• [Directions]: Among the entries below, only the lines from the one with "摩托罗拉E680g的正面按键" through the one with "Case 1: | Case" are to be retyped, exactly and without pictures.

===== Extracted entries =====

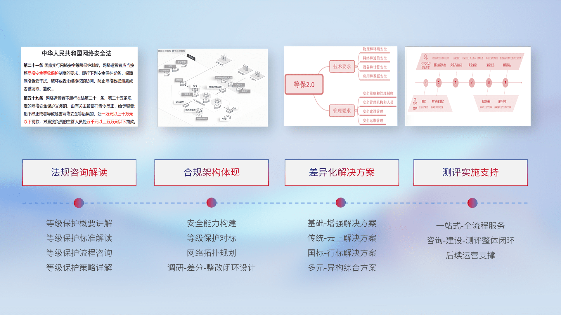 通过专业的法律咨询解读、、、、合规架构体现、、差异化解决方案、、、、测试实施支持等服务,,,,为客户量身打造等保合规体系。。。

=====
===== Extracted entries =====

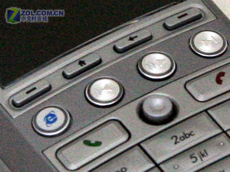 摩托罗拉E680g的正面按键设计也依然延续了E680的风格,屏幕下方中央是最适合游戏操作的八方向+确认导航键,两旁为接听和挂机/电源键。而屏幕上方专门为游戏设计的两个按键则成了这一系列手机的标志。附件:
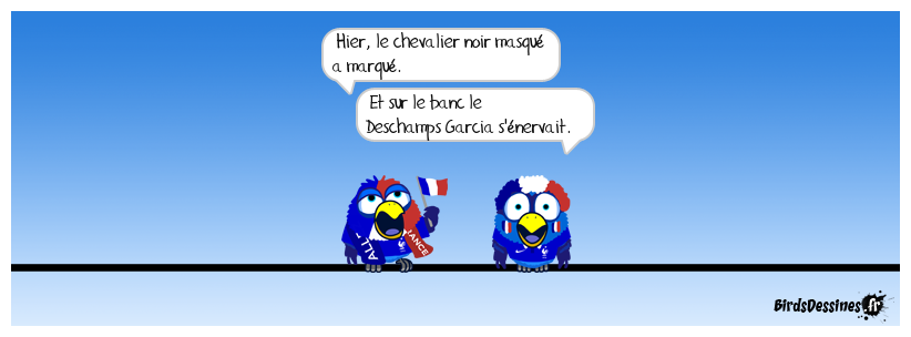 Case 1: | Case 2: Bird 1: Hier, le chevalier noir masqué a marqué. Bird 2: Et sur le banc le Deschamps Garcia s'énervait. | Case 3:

=====
===== Extracted entries =====

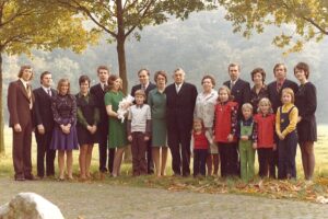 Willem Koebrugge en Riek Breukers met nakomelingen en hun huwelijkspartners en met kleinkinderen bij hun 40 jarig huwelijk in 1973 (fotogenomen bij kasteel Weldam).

=====

• [Your solution]:
 摩托罗拉E680g的正面按键设计也依然延续了E680的风格,屏幕下方中央是最适合游戏操作的八方向+确认导航键,两旁为接听和挂机/电源键。而屏幕上方专门为游戏设计的两个按键则成了这一系列手机的标志。附件:
 Case 1: | Case 2: Bird 1: Hier, le chevalier noir masqué a marqué. Bird 2: Et sur le banc le Deschamps Garcia s'énervait. | Case 3:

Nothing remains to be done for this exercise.